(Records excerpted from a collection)

-----

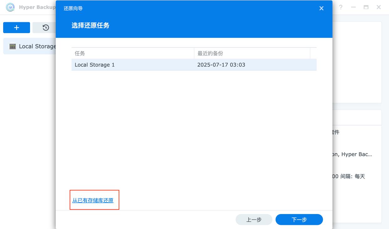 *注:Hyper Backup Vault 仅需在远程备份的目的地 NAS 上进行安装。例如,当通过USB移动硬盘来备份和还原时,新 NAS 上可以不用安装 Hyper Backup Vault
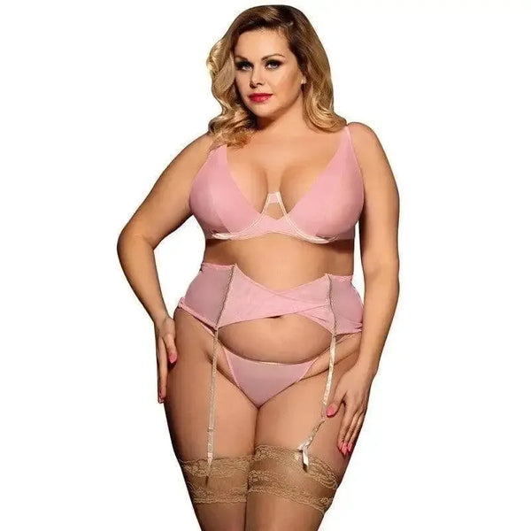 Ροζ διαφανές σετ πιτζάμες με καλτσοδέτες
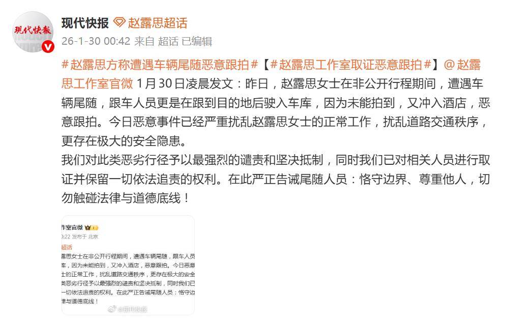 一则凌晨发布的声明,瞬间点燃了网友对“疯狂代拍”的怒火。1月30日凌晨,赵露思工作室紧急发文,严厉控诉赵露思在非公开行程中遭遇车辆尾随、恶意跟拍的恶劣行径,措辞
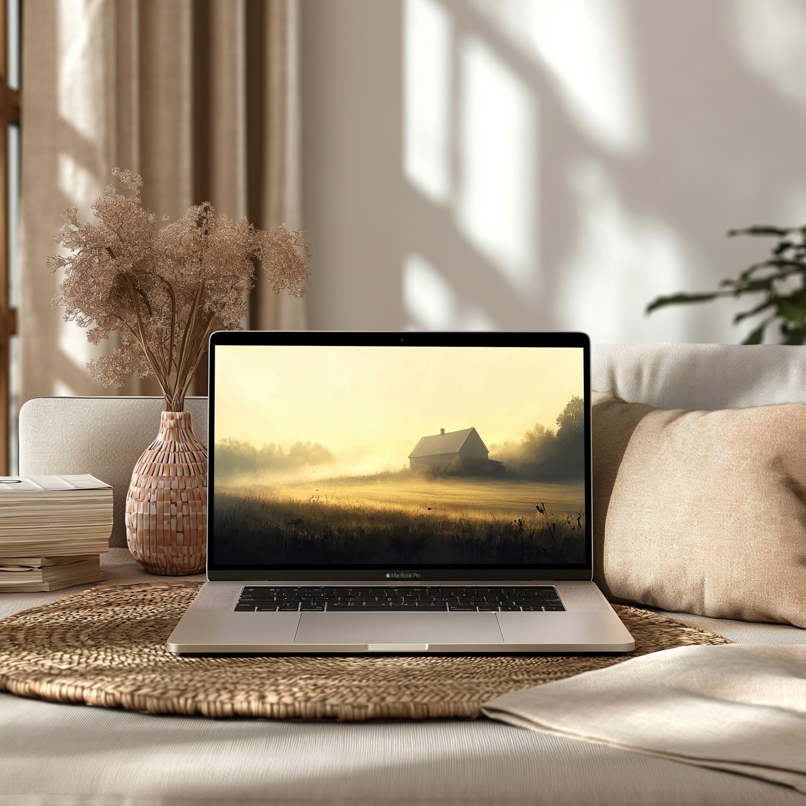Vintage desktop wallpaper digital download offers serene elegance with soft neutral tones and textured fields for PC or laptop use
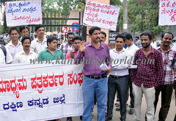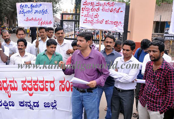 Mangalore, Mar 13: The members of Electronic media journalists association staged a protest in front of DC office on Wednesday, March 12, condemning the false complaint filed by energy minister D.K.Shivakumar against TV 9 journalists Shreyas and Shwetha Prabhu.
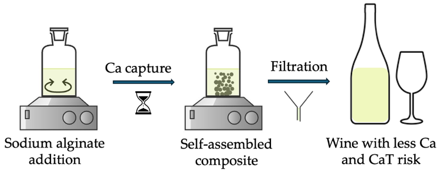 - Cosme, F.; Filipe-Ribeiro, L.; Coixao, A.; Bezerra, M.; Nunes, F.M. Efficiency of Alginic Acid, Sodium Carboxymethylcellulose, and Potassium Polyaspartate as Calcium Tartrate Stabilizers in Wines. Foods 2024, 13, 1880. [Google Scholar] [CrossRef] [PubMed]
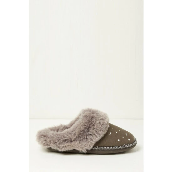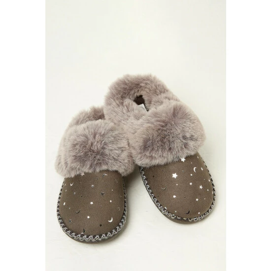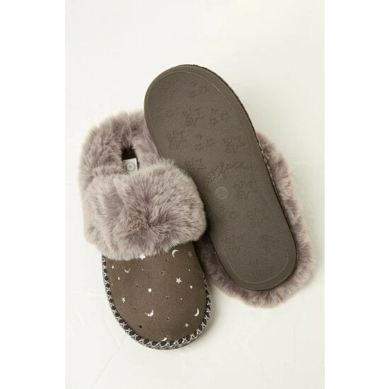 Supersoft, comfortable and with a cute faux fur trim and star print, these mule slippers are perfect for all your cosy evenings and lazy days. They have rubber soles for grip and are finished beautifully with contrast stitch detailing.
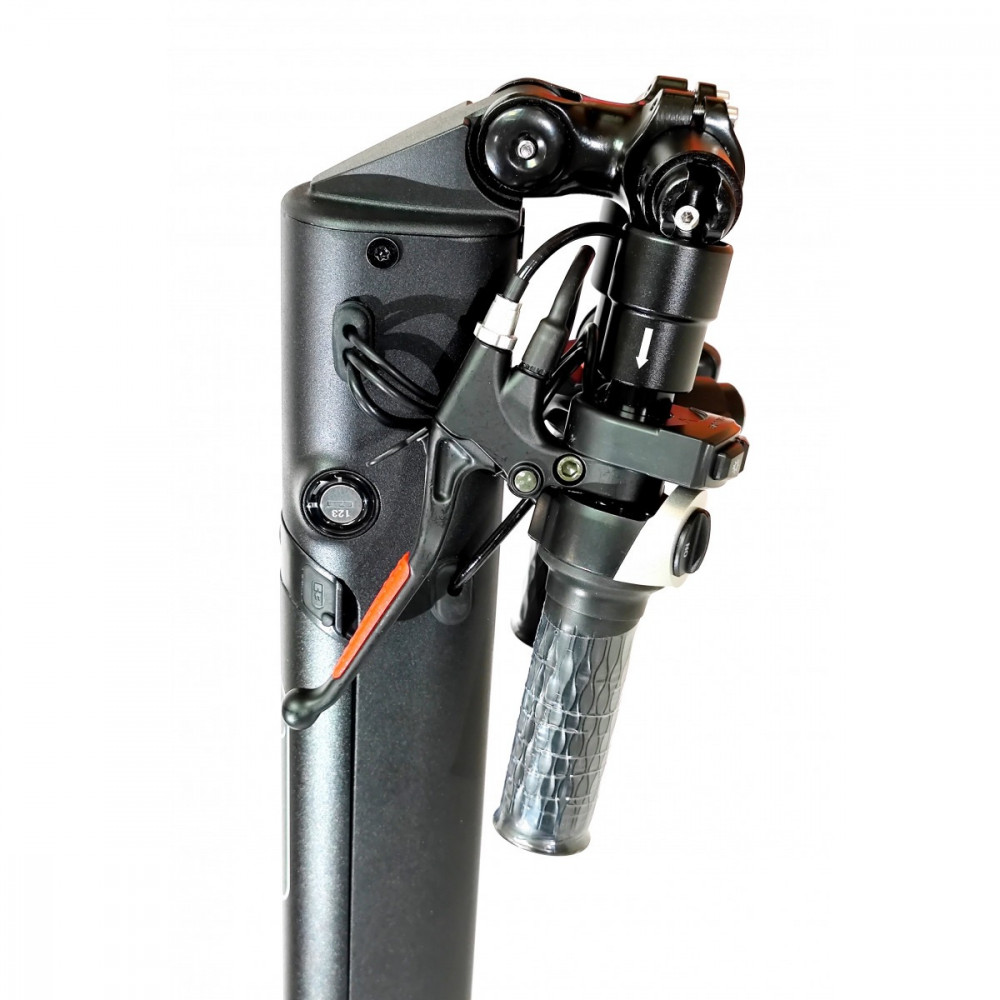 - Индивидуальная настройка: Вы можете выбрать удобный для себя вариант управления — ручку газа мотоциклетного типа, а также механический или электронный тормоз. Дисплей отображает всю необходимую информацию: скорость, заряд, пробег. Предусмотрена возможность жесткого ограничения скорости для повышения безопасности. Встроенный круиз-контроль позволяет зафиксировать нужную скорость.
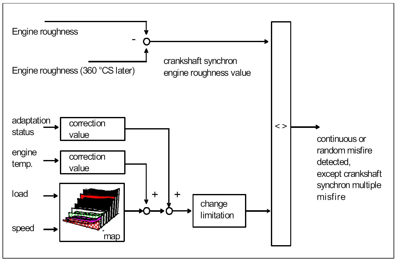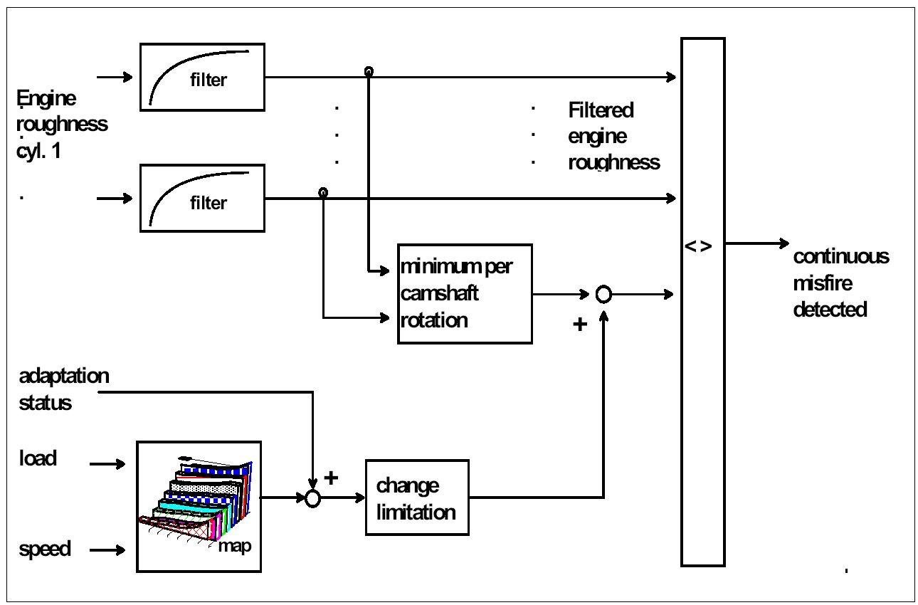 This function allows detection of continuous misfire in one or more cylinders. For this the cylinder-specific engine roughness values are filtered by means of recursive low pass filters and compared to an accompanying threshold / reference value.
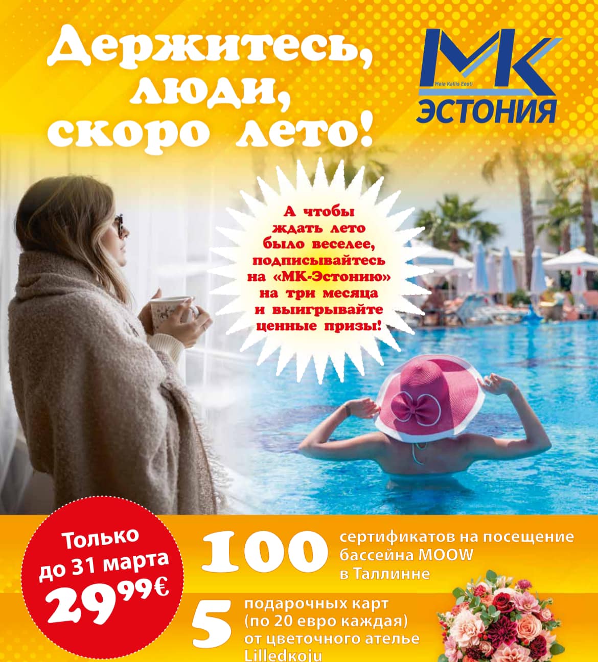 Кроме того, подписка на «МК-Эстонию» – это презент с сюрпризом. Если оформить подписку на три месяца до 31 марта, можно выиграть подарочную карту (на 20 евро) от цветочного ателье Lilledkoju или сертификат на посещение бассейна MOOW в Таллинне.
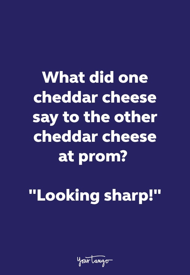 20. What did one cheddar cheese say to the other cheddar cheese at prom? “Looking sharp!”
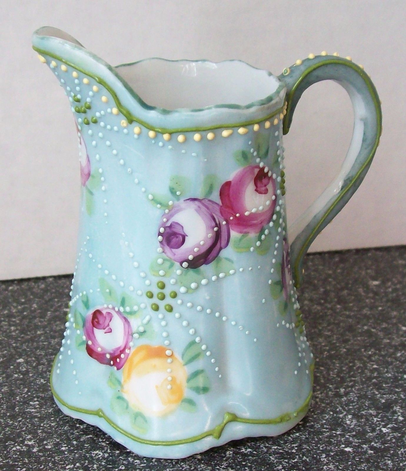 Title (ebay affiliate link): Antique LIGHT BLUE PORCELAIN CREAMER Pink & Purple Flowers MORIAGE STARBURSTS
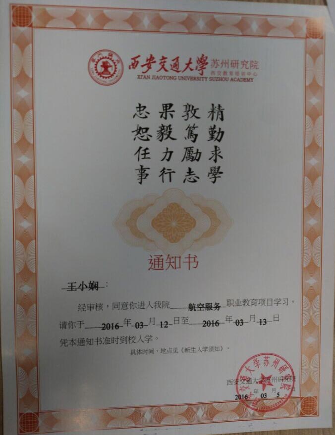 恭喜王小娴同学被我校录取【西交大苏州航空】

-----

● **Aim of the task**
Only the lines above starting with the line with "Кроме того, подписка" and going on through the line with "20. What did" belong in the answer; repeat them exactly, minus any picture.

● **Output below**
 Кроме того, подписка на «МК-Эстонию» – это презент с сюрпризом. Если оформить подписку на три месяца до 31 марта, можно выиграть подарочную карту (на 20 евро) от цветочного ателье Lilledkoju или сертификат на посещение бассейна MOOW в Таллинне.
 20. What did one cheddar cheese say to the other cheddar cheese at prom? “Looking sharp!”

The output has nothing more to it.